A report published by Bloomberg offers additional details into Apple's ongoing battle with the FBI, including how the company has worked in private with government agencies in the past to provide access to court-ordered data.
The encryption issue started gaining traction following the launch of iOS 8, which altered the way data was encrypted, making it impossible for external agencies — and even Apple — to gain access to the device once a passcode was set. From Bloomberg:
Apple gave the Federal Bureau of Investigation early access to iOS 8 so it could study how the new system would change evidence-gathering techniques, according to people familiar with the software's development. The agency quickly realized Apple had closed an important access point used for years by agents to collect information about criminal suspects. Many in the FBI were stunned. Suddenly, photos, text messages, notes and dozens of other sources of information stored on phones were off-limits.

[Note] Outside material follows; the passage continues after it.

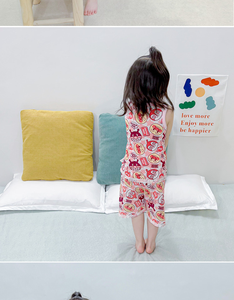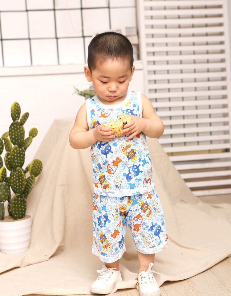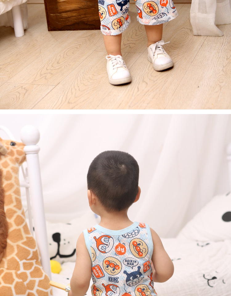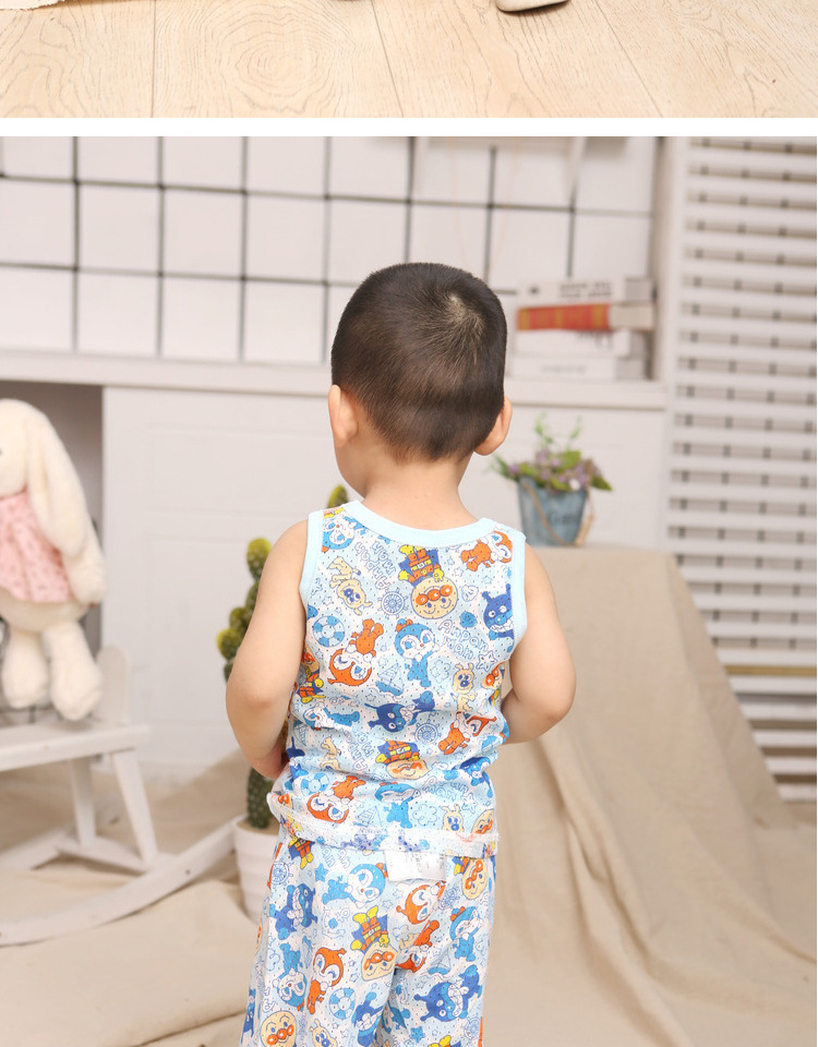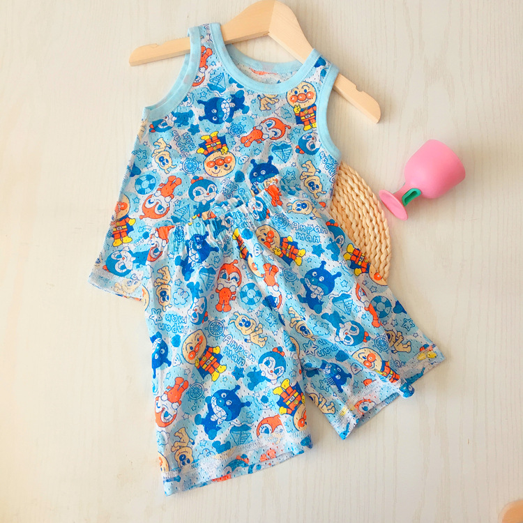 대외 무역 아기 얇은 구멍 옷 여름 속건 통기성 어린이 호흡 면 조끼 탑 5 배꼽 바지 세트스토어 가기

The new encryption protections set off a behind-the-scenes battle that ultimately spilled into the open last month, when a California judge granted the Justice Department an order requiring Apple to help the FBI unlock an iPhone used by one of the shooters who killed 14 people in San Bernardino, California.

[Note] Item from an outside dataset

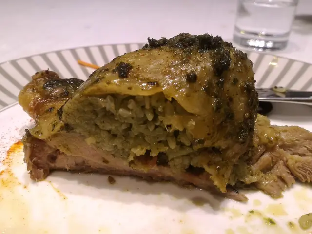 雞腿排裡塞滿了青醬燉飯..也不知塞了多少..吃完一整個飽..

At times, Apple and the White House enjoyed good ties, even working together to persuade China not to force phone makers to give authorities a key to unlock a handset's encryption. The administration also didn't give in to FBI lobbying for new legislation that would make it easier to unlock data on mobile devices with warrants.
According to the publication, the FBI was close to getting legislation passed that would've made it easier for the agency to access encrypted data on locked phones through court orders. However, Snowden's revelations in 2013 put a dent in its plans:
Officials were close to an agreement on legislation to update communications and privacy laws in 2013, but the Snowden revelations blew up the deal, according to a former U.S. official. After that, there was never again a serious effort to pass the legislation, the official said.
Even though new legislation did not come into effect regarding privacy, Apple continued to work with the FBI in private, including providing iCloud backups and sending engineers to assist in data recovery in the San Bernardino case:
Even as the behind-the-scenes debate simmered, Apple continued to work with FBI agents when issued a warrant for evidence that could be accessed on its servers. After the San Bernardino attacks in December, Apple pulled data backed up to its iCloud service from the iPhone used by the shooter, Syed Farook. The company also sent engineers to San Bernardino to help with the data-recovery effort. But when the FBI wanted to override the encryption on Farook's iPhone, the company said it didn't have a special key to unlock the device.
With Apple vehemently denying to create a software utility to unlock the iPhone 5c in question, the FBI decided to take things public:
On Feb. 16, a magistrate judge in Riverside, California, ordered Apple to help the FBI unlock the phone. Apple executives were shocked the agency had gone public. For years, they had worked closely with the agency in private. In at least two previous instances, including a case in Baltimore, the government had decided against seeking a court order forcing Apple to unlock a phone running iOS 8.
Apple officials will testify as part of an evidentiary hearing at 1 p.m. PT on March 22.